### Task to complete
Everything in the records below from the line containing "Kwastje roodKwastje zonder" through the line containing "Actuellement en offre" is to be reproduced exactly, those two lines included; no picture is to be copied.

### The data
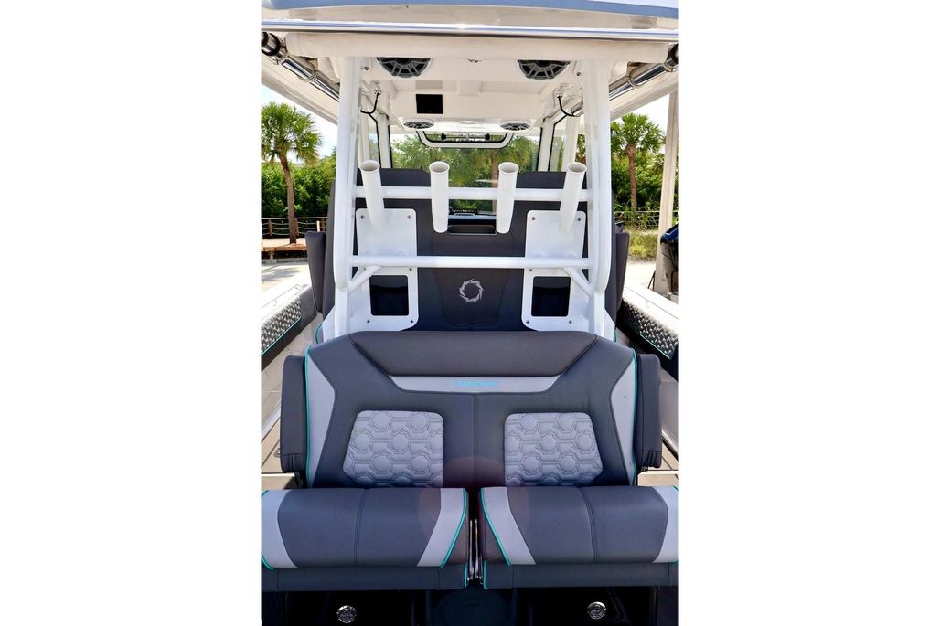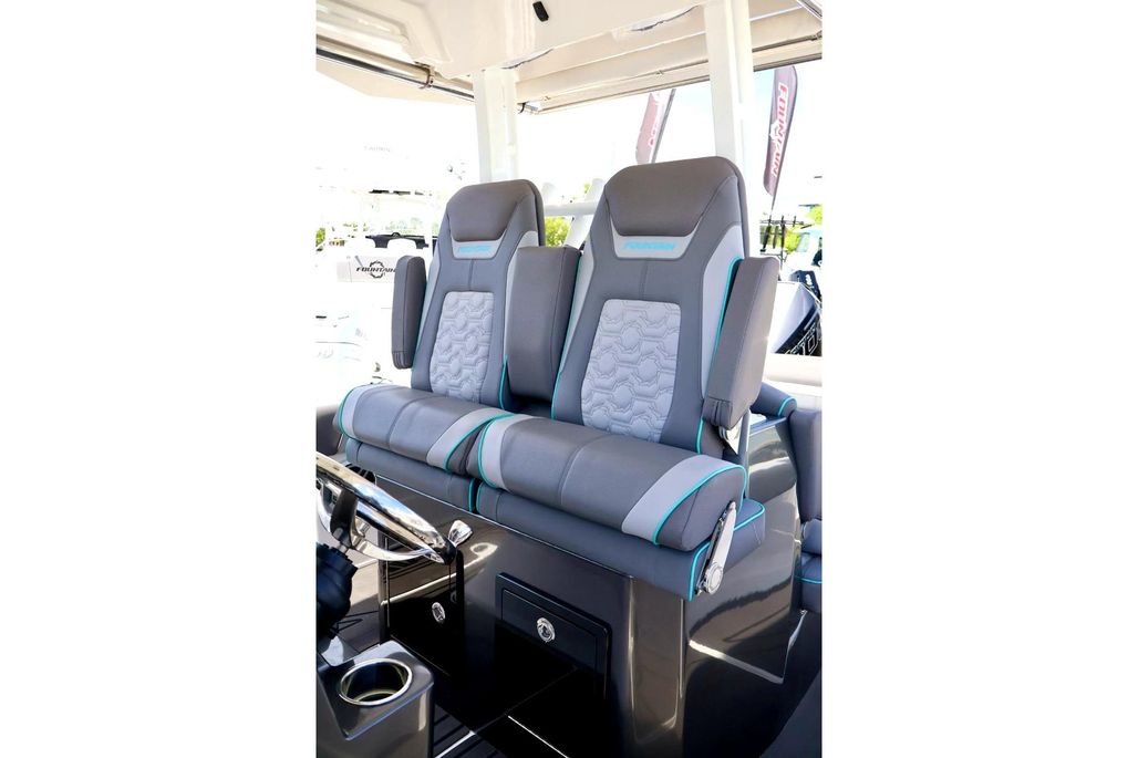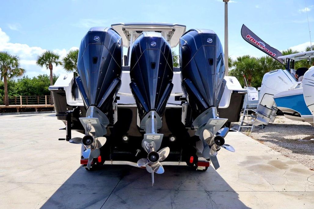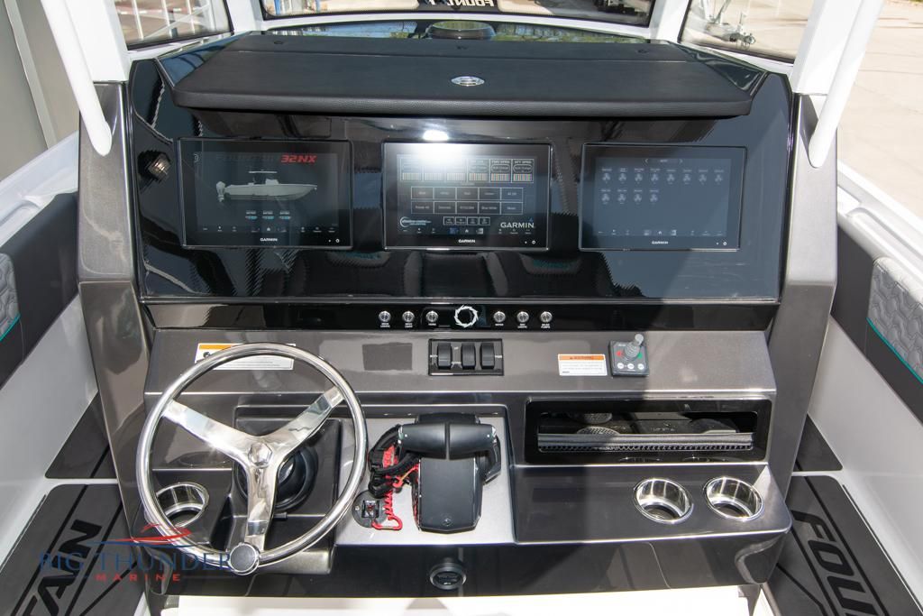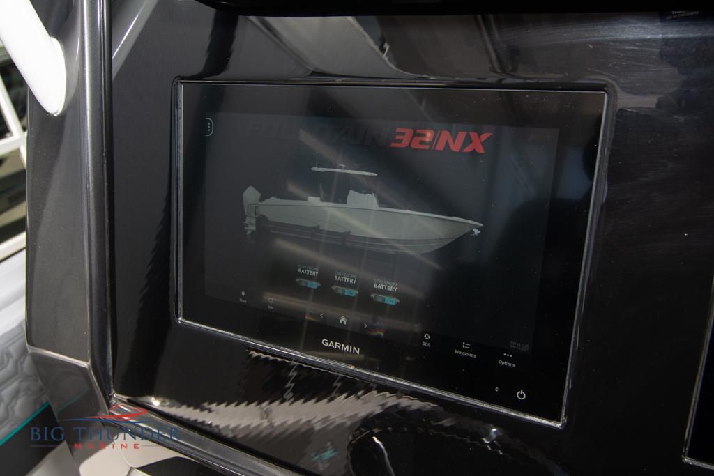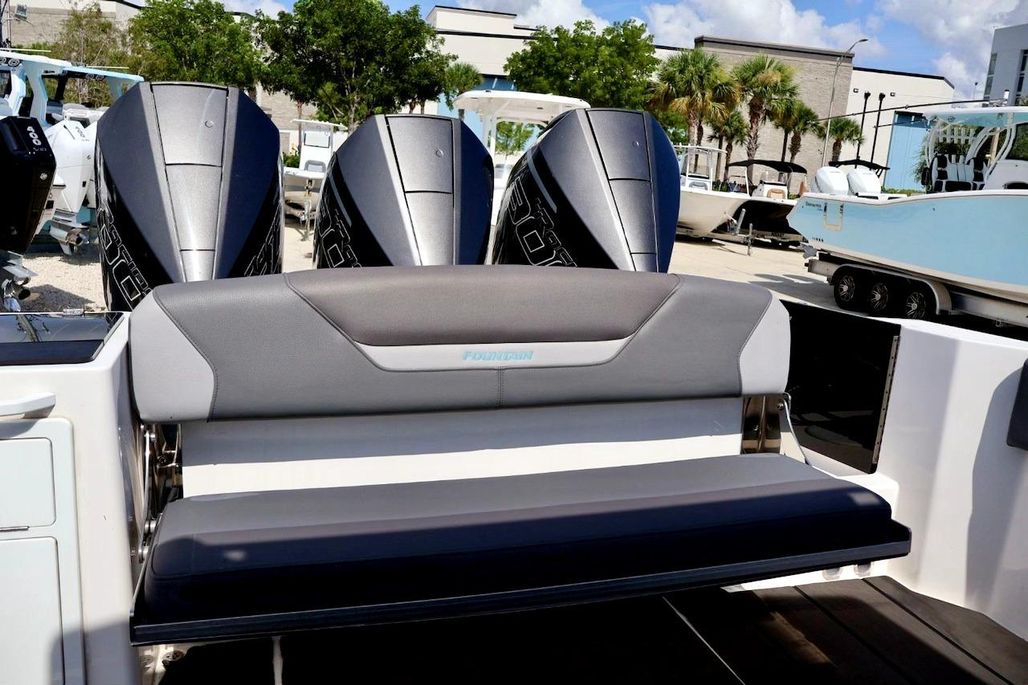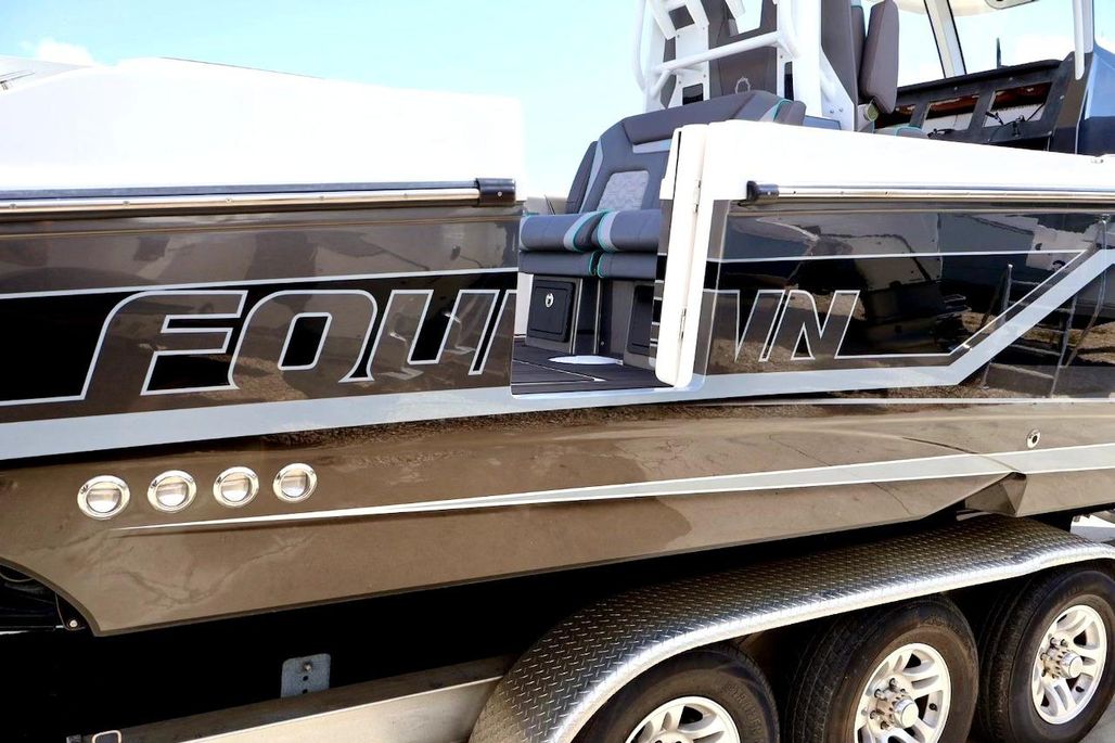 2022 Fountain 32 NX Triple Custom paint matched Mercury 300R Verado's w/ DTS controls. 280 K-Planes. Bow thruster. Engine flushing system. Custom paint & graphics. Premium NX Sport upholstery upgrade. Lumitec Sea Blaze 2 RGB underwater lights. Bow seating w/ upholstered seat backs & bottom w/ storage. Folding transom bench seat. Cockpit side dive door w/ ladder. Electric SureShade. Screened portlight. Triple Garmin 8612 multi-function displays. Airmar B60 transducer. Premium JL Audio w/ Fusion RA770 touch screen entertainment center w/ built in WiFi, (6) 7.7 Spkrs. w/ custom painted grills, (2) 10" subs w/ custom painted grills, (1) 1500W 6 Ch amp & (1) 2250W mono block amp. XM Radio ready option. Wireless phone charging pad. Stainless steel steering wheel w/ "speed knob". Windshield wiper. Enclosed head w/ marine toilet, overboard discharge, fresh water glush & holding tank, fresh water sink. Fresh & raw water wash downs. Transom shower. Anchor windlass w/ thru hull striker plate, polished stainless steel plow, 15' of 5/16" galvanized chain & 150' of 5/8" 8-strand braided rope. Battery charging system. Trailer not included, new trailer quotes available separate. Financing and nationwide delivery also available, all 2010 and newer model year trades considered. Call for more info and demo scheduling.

* * *

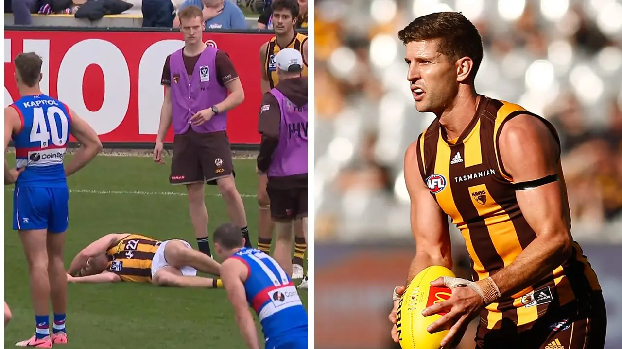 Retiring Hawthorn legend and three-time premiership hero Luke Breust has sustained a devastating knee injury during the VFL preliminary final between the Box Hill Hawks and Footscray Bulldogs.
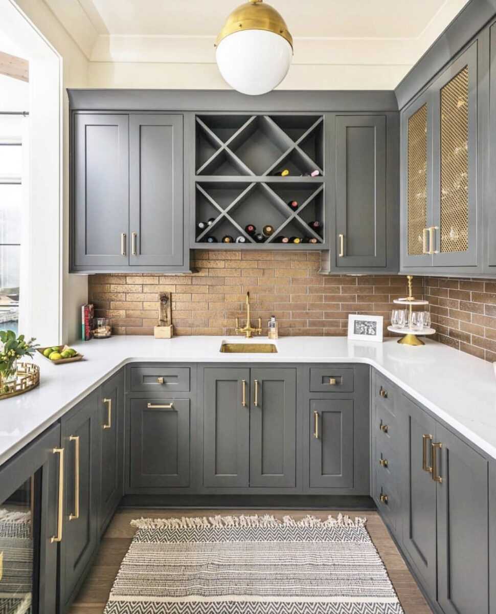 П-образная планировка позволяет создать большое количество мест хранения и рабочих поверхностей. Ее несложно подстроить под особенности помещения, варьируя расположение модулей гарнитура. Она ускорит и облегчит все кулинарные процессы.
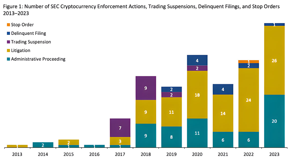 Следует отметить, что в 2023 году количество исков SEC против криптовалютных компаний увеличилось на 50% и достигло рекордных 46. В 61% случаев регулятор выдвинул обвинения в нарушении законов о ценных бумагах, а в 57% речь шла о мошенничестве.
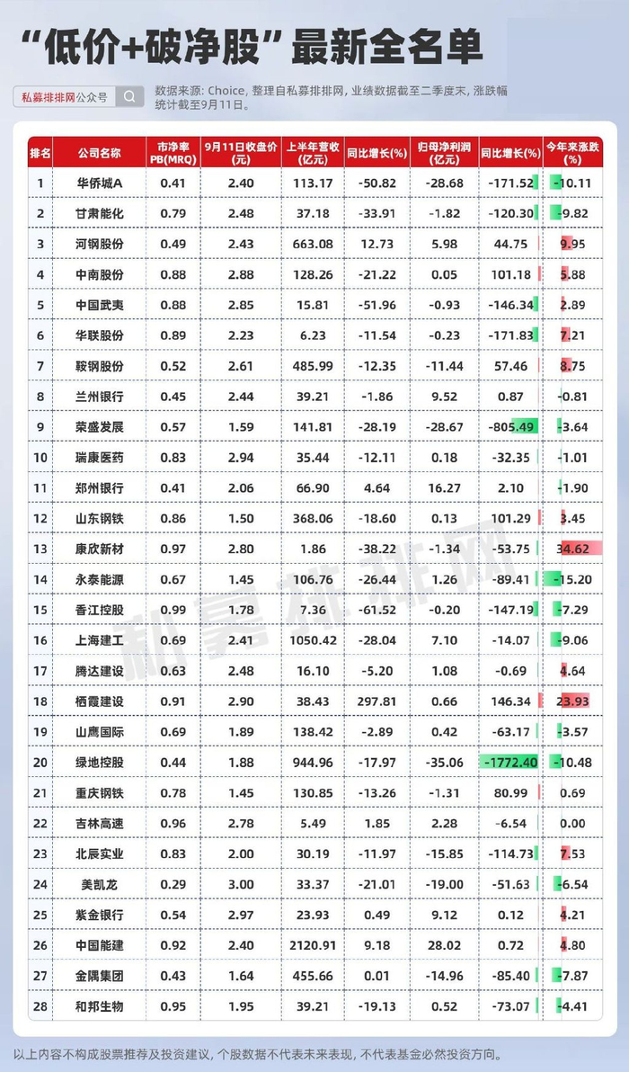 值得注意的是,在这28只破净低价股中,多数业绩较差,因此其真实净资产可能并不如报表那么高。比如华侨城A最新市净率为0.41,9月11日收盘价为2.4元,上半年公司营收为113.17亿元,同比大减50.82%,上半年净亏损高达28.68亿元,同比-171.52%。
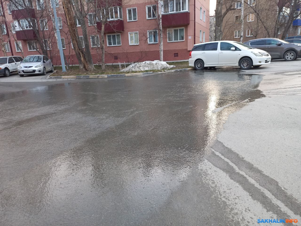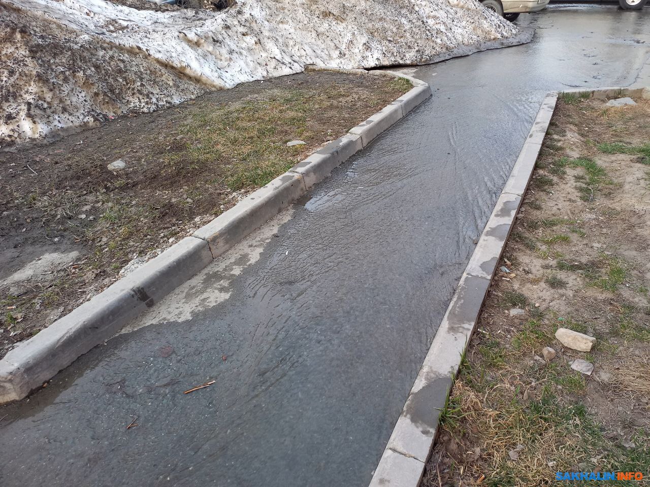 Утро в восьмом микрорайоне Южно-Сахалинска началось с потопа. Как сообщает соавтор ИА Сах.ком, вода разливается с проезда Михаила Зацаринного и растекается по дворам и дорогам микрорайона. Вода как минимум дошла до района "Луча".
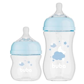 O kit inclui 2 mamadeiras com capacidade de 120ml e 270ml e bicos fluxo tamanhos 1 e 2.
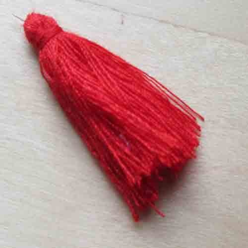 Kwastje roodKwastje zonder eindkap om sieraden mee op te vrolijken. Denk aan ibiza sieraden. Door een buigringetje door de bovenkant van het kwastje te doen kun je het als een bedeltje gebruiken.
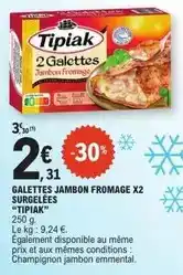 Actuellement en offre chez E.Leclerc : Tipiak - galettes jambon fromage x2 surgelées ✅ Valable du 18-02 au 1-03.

---

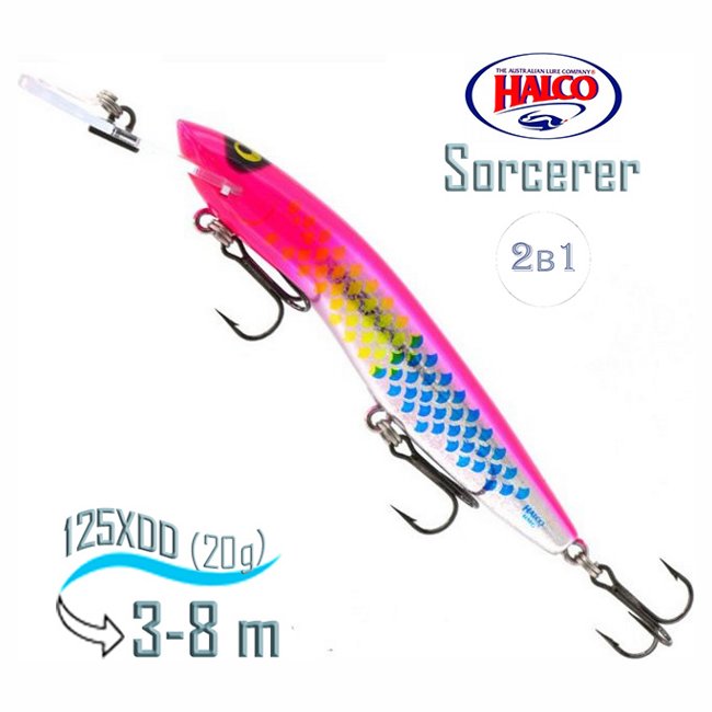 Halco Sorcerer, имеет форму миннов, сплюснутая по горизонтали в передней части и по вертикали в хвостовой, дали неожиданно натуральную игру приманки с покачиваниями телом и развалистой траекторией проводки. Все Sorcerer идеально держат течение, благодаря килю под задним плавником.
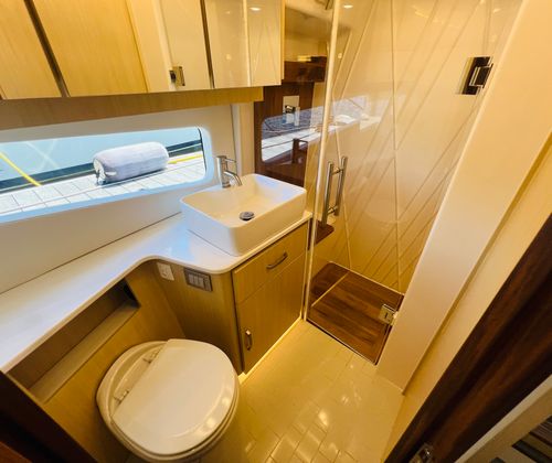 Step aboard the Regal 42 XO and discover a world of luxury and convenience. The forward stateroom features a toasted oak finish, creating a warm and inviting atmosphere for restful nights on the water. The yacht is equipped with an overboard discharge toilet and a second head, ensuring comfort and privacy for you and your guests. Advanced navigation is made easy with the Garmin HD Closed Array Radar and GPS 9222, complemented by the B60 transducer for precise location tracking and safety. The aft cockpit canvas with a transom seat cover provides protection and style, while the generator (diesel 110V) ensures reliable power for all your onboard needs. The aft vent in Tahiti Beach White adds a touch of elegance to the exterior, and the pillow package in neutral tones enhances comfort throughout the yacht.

### Solution to this problem
 Kwastje roodKwastje zonder eindkap om sieraden mee op te vrolijken. Denk aan ibiza sieraden. Door een buigringetje door de bovenkant van het kwastje te doen kun je het als een bedeltje gebruiken.
 Actuellement en offre chez E.Leclerc : Tipiak - galettes jambon fromage x2 surgelées ✅ Valable du 18-02 au 1-03.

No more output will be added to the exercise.